The 1606 Tennis Match Revisited

Caravaggio Blog

It was a belligerent gang that gathered at Rome’s Via di Pallacorda tennis court on 28 May 1606, looking for trouble. Caravaggio and Ranuccio Tomassoni had a score to settle. Ranuccio was accompanied by his brother Giovan Francesco and the brothers of his wife Lavinia Tomassoni, Ignazio and Federigo Giugoli. Caravaggio also brought a team of armed men, his regular tennis partner the architect Onorio Longhi, as well as Petronio Troppa, a Bolognese captain of Rome’s Castello district. Another soldier from Bologna, Corporal Paolo Aldati, may also have been present, as he was later summoned to appear before Rome’s Tribunale Criminale del Governatore to testify on the circumstances of Ranuccio Tomassoni’s death. He had been waiting outside Palazzo Firenze, in front of the tennis court. Aldati was perhaps the fourth man fighting on Caravaggio’s behalf. I do not exclude that the fourth man was actually Cecco, by the way, one of the principal candidates to have produced the Death, or at least one of its two versions.

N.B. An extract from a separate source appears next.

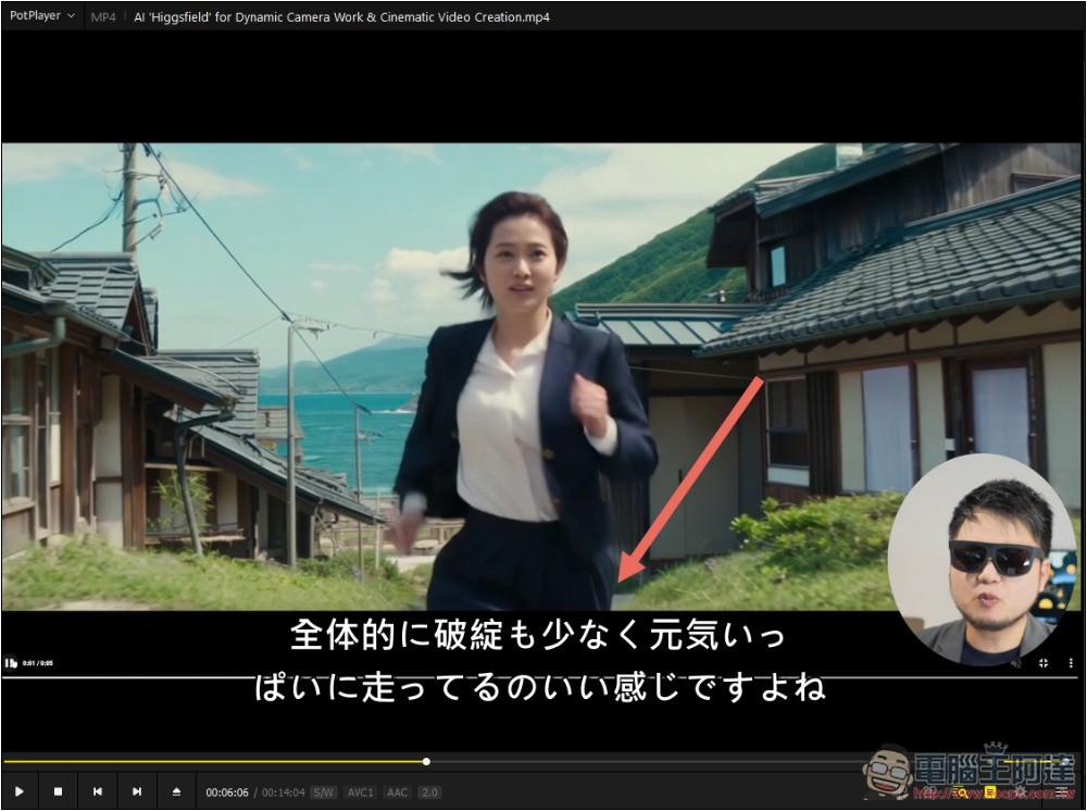 回到 PotPlayer 播放影片,就會變成改用本地 AI 語言模型翻譯了,下面這句日文我用 Gemma 3 12B 翻譯是「說實話,要判斷是不是昭和劇的場景,真的蠻難判斷的吧」,我看得懂意思:

Given the archival tennis court details that have come to light a new interpretation of the 1606 match needs to be established. The first element to be addressed in our inquiry is whether the two rivals played a tennis match at all or was there merely a duel, as some scholars would have us believe. In his Caravaggio biography, Andrew Graham-Dixon claims that the pallacorda match was just a pretext. He casts considerable doubt on whether the fight between Caravaggio and Tomassoni was sparked by an argument over a tennis match, arguing that if it had been so, why would at least three apparently innocent bystanders, namely Longhi and the two Giugoli brothers, have defied court orders and gone into hiding? Four men on one side, four on the other: two combatants, two seconds, four witnesses. An encounter on a tennis court, according to Graham-Dixon “a flat field that was often also used as a fencing arena”. The fight between Caravaggio and Ranuccio Tomassoni in his view was a prearranged duel, the stories about a tennis match, a bet, a disputed call were all fabrications, invented by the participants themselves to hide what had really happened.

Portrait of Cardinal Ferdinando de’ Medici, later Grand Duke Ferdinando I, Scipione Pulzone, c. 1580.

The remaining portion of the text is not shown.